The first contribution of the paper is the identification of an important source of measurement variance: mapping of vCPUs to physical cores. For a dual-CPU MCP, mapping 4 vCPUs to a single CPU (with 4 cores on the same memory bank and cache) produced significant performance gains compared to mapping 4 vCPUs to two CPUs that do not share cache. The performance gains of up to 22% are achieved without any obvious sign of resource underutilization, since cores remain "busy" when cache misses and they have to await the memory access. By pinning vCPUs to appropriate physical cores we were able to eliminate this source of variance and accurately compare the performance differences due to 3 mainstream hypervisors (Section III).
The second and main contribution of the paper is an experimental comparative study of 3 major hypervisors with regard to their support of n-tier applications running on MCP. Concretely, we ran an n-tier application benchmark (RUBBoS [1]) on 3 major hypervisors (i.e., the dominant Commercial Hypervisor, XEN, and KVM) to compare their support of intra-MCP horizontal performance scalability. Our data shows that the hypervisors showed both similarities and dissimilarities.
For similarities, we observed a non-monotonic scalability trend to multi-cores across all three hypervisors when running a browse-only CPU-intensive workload. For instance, we found that the system was only able to scale linearly up to four cores and five cores onward the throughput starts to deteriorate while all cores were still fully utilized. This problem can be traced to the CPU overhead induced by inefficient management of the last level cache (LLC) in CPU packages (Section IV). For dissimilarities, we found that each hypervisor has its own strategy of handling write operations (i.e., I/O). Due to this difference, we observed significant performance differences among hypervisors when running a mixed read/write I/O-intensive workload. Specifically, XEN outperforms the Commercial Hypervisor by 22% and the Commercial Hypervisor is able to provide more than twice the throughput compared to KVM (Section V).
Our empirical analysis suggests that in order for enterprise n-tier applications to better scale in multi-core virtualization environments, both MCP cache architecture and the choice of hypervisors should be considered integral components.

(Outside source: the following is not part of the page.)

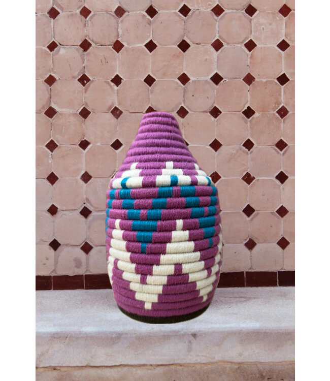 De manden zijn volledig met de hand gemaakt in het noorden van Marokko. De manden krijgen hun eigen patroon en kleur welke handmatig met wol op de mand wordt geweven. Van elke mand is er slechts één stuk verkrijgbaar en is daardoor uniek in zijn soort!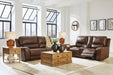 Live and lounge luxuriously. This power reclining seating package brings an ultra-stylish flair to your home’s central hub. Its seating areas are wrapped in top grain leather in a sleek neutral color, giving you a trend-right look made all the better with high-quality materials. And with the simple push of a button, you can adjust the headrests or recline to find your ideal comfort position.

However despite their differences, performance scalability of n-tier applications beyond four cores remains a challenge for all three mainstream virtualization technologies.
The remainder of this paper is organized as follows. The next section presents the description of our experimental setup including the profiling environments, tools and benchmark. Subsequently, Section III introduces the performance variation induced by core mapping. Section IV describes a non-monotonic scalability trend to multi-core processors. Section V illustrates performance difference among hypervisors. Finally, we present the related work in Section VI and conclude our work in Section V.
II. EXPERIMENTAL SETUP
While the intra-MCP horizontal scalability may be evaluated using any type of application, the focus of this paper is n-tier applications with LAMP (Linux, Apache, MySQL, and PHP) implementations. Typically, n-tier applications are organized as a pipeline of servers 1 , starting from web servers (e.g., Apache), through application servers (e.g., Tomcat), and ending in database servers (e.g., MySQL). This organization, commonly referred to as n-tier architecture (e.g., 3-tier in Figure 1(a) ), serves many important webfacing applications such as e-commerce, customer relationship management, and logistics.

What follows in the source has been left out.